Exercise details: Each entry must be given again exactly; images do not belong in the copy.

Collected data entries
+--
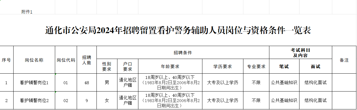 附件:1.通化市公安局2024年招聘留置看護警務(wù)輔助人員崗位與資格條件一覽表
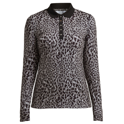 This female specialist polo offers style for the active sport of golf, highlighted with a leopard pattern & silver buttons at the neck for that special touch. It has a warm thermal jersey construction with a brushed inside lining & long sleeves to provide comfort on cooler days on the golf course. Plus has a high stretch to give you the freedom to move during the athletic movements of the golf swing. Lightweight & moisture wicking to ensure you remain dry & fully focused for your game of golf.
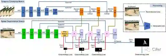 在视频目标分割任务中,为了保持时序一致性,大多数方法使用光流。但是光流需要大量的人工标注并且经常出现误差。为了解决这个问题,我们提出了一个统一的,可以端到端训练的时空卷积网络来解决视频目标分割任务,避免依赖光流。我们的模型由时域一致性分支和空域分割分支组成。时域一致性分支采用对抗方式以及无标注视频数据预训练,它可以捕捉目标表观的动态和运动信息,从而提高分割的时序一致性。空域的分割分支关注通过学到的表观和运动信息得到准确的分割结果。为了得到准确的分割结果,我们设计了一个从粗到细的多尺度注意力模块。通过这个模块,分割分支会逐渐关注目标区域。两个分支可以联合端到端训练。广泛的实验证明我们的方法取得了与目前最好方法的相近性能。
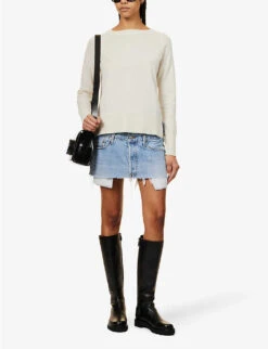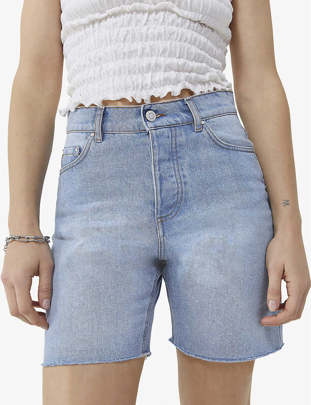 - High rise, belt loops, five pockets, raw hem finish, branded silver-tone hardware
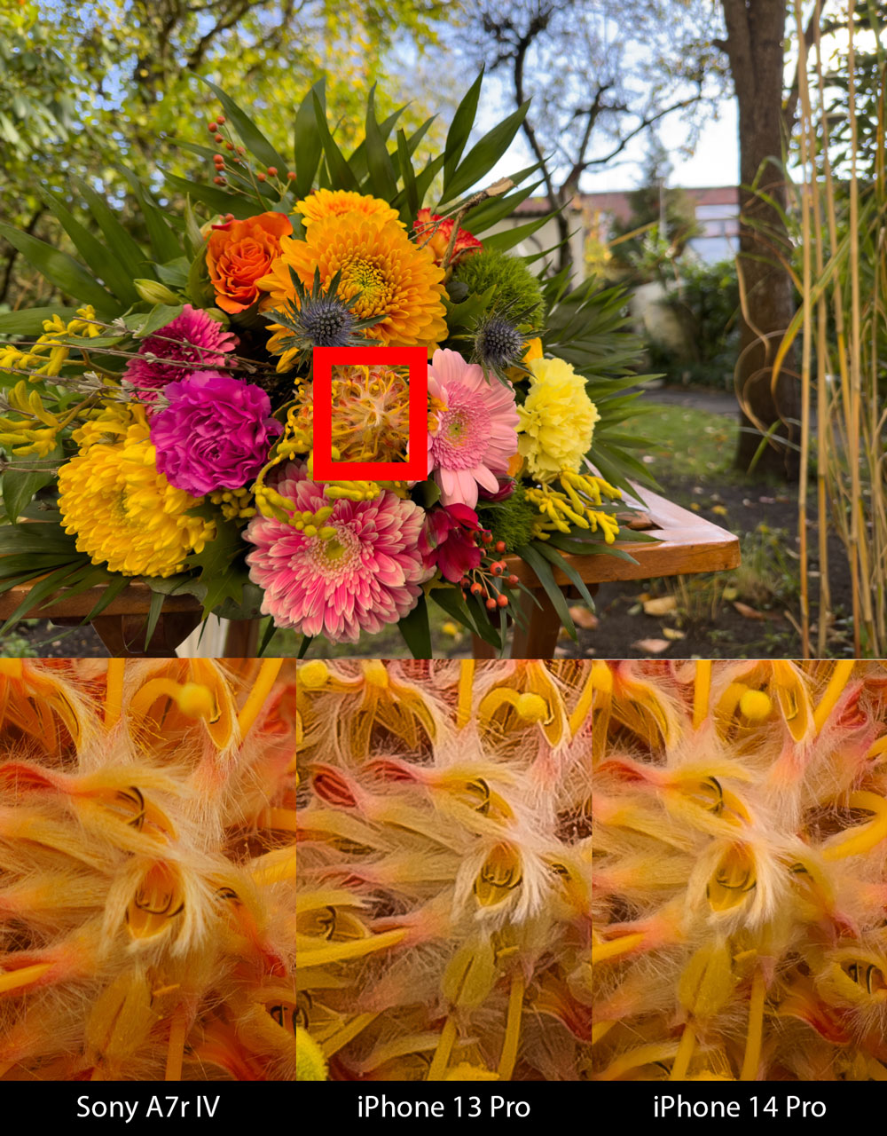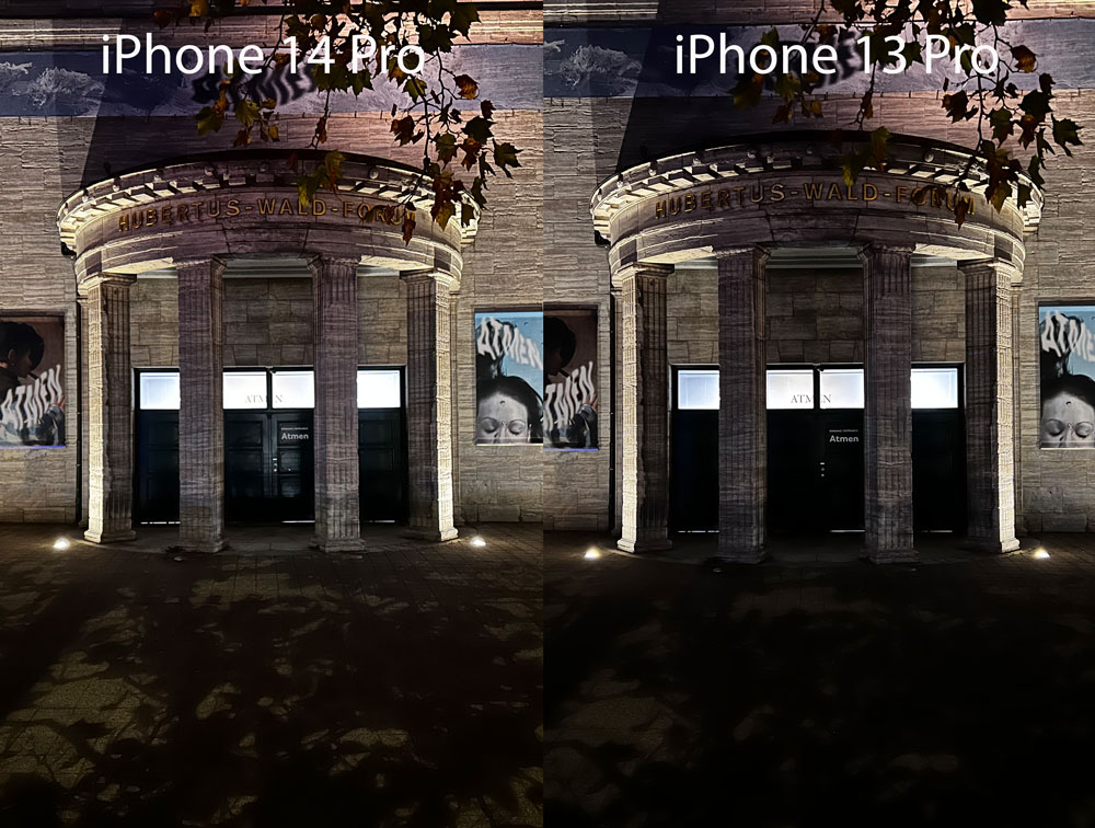 Der Vergleich zeigt die Entwicklung: Als Referenz haben wir eine Sony A7r IV gewählt. Die Unterschiede der beiden iPhones treten mehr als deutlich hervor. Das neue liefert mehr Details und muss daher weniger aggressiv schärfen. Mehr noch: Man kommt nicht umhin festzustellen, dass das neue iPhone 14 in dieser Disziplin die Qualitätserwartungen an ein Fototelefon in eine neue Dimension verschiebt.
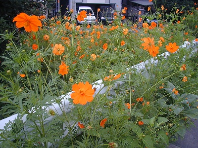 道ばたにキバナコスモスの花が咲いていたので紹介します。 本家のコスモスよりも花の時期が早いのですね。メキシコ原産で花の形もバリエーションが豊富です。 花言葉は、「幼い恋心」なんですよ。 黄色と言うよりもオレンジ色に近いんですね。再確認しました。
+--
Response:
 附件:1.通化市公安局2024年招聘留置看護警務(wù)輔助人員崗位與資格條件一覽表
 This female specialist polo offers style for the active sport of golf, highlighted with a leopard pattern & silver buttons at the neck for that special touch. It has a warm thermal jersey construction with a brushed inside lining & long sleeves to provide comfort on cooler days on the golf course. Plus has a high stretch to give you the freedom to move during the athletic movements of the golf swing. Lightweight & moisture wicking to ensure you remain dry & fully focused for your game of golf.
 在视频目标分割任务中,为了保持时序一致性,大多数方法使用光流。但是光流需要大量的人工标注并且经常出现误差。为了解决这个问题,我们提出了一个统一的,可以端到端训练的时空卷积网络来解决视频目标分割任务,避免依赖光流。我们的模型由时域一致性分支和空域分割分支组成。时域一致性分支采用对抗方式以及无标注视频数据预训练,它可以捕捉目标表观的动态和运动信息,从而提高分割的时序一致性。空域的分割分支关注通过学到的表观和运动信息得到准确的分割结果。为了得到准确的分割结果,我们设计了一个从粗到细的多尺度注意力模块。通过这个模块,分割分支会逐渐关注目标区域。两个分支可以联合端到端训练。广泛的实验证明我们的方法取得了与目前最好方法的相近性能。
 - High rise, belt loops, five pockets, raw hem finish, branded silver-tone hardware
 Der Vergleich zeigt die Entwicklung: Als Referenz haben wir eine Sony A7r IV gewählt. Die Unterschiede der beiden iPhones treten mehr als deutlich hervor. Das neue liefert mehr Details und muss daher weniger aggressiv schärfen. Mehr noch: Man kommt nicht umhin festzustellen, dass das neue iPhone 14 in dieser Disziplin die Qualitätserwartungen an ein Fototelefon in eine neue Dimension verschiebt.
 道ばたにキバナコスモスの花が咲いていたので紹介します。 本家のコスモスよりも花の時期が早いのですね。メキシコ原産で花の形もバリエーションが豊富です。 花言葉は、「幼い恋心」なんですよ。 黄色と言うよりもオレンジ色に近いんですね。再確認しました。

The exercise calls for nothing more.